> _ACTIVITY_
Go to the line with "Ý tưởng lốp" in the entries below and write out every line from there through the line with "Create an inviting", exactly and without pictures.

> _EXERCISE MATERIAL_
- - - - - - -
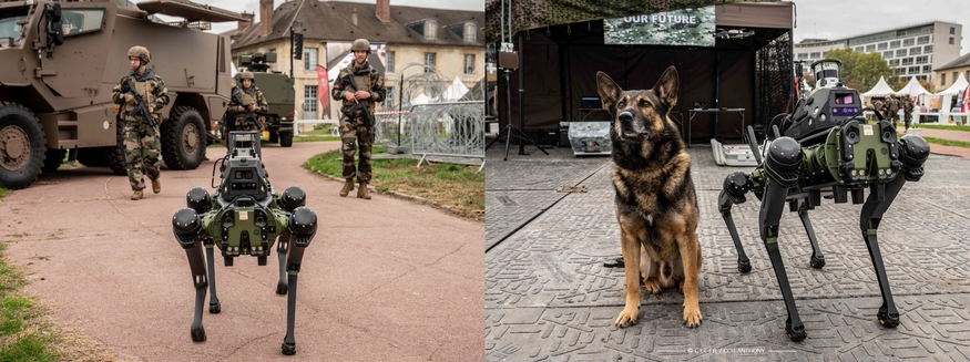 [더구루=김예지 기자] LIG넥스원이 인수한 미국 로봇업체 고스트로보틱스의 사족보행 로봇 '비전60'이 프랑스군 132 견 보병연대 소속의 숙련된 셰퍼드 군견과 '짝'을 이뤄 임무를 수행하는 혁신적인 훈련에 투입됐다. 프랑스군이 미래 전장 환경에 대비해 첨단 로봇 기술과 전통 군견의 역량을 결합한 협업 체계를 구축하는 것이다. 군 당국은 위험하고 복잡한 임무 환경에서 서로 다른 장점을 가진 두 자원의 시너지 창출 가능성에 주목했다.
- - - - - - -
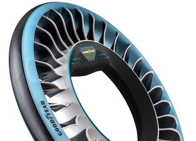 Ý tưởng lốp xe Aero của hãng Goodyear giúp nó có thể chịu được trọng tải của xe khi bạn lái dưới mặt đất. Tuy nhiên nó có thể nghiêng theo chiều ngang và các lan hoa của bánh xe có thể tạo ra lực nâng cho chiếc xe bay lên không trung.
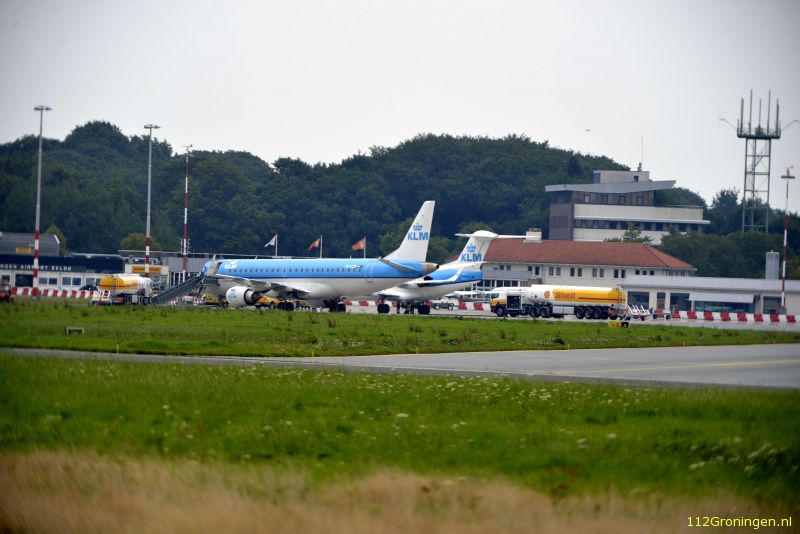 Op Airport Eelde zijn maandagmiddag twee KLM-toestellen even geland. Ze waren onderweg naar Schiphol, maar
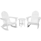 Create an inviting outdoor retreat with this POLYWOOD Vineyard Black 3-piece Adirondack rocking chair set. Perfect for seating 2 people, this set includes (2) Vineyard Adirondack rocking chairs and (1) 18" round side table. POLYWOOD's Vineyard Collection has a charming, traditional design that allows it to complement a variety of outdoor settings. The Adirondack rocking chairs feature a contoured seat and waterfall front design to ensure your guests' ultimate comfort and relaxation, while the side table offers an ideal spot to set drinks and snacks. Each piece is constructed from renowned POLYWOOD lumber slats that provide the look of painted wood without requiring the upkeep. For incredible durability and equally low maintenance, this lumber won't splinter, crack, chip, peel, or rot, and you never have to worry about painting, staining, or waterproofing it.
- - - - - - -
> _EXERCISE SOLUTION_
 Ý tưởng lốp xe Aero của hãng Goodyear giúp nó có thể chịu được trọng tải của xe khi bạn lái dưới mặt đất. Tuy nhiên nó có thể nghiêng theo chiều ngang và các lan hoa của bánh xe có thể tạo ra lực nâng cho chiếc xe bay lên không trung.
 Op Airport Eelde zijn maandagmiddag twee KLM-toestellen even geland. Ze waren onderweg naar Schiphol, maar
 Create an inviting outdoor retreat with this POLYWOOD Vineyard Black 3-piece Adirondack rocking chair set. Perfect for seating 2 people, this set includes (2) Vineyard Adirondack rocking chairs and (1) 18" round side table. POLYWOOD's Vineyard Collection has a charming, traditional design that allows it to complement a variety of outdoor settings. The Adirondack rocking chairs feature a contoured seat and waterfall front design to ensure your guests' ultimate comfort and relaxation, while the side table offers an ideal spot to set drinks and snacks. Each piece is constructed from renowned POLYWOOD lumber slats that provide the look of painted wood without requiring the upkeep. For incredible durability and equally low maintenance, this lumber won't splinter, crack, chip, peel, or rot, and you never have to worry about painting, staining, or waterproofing it.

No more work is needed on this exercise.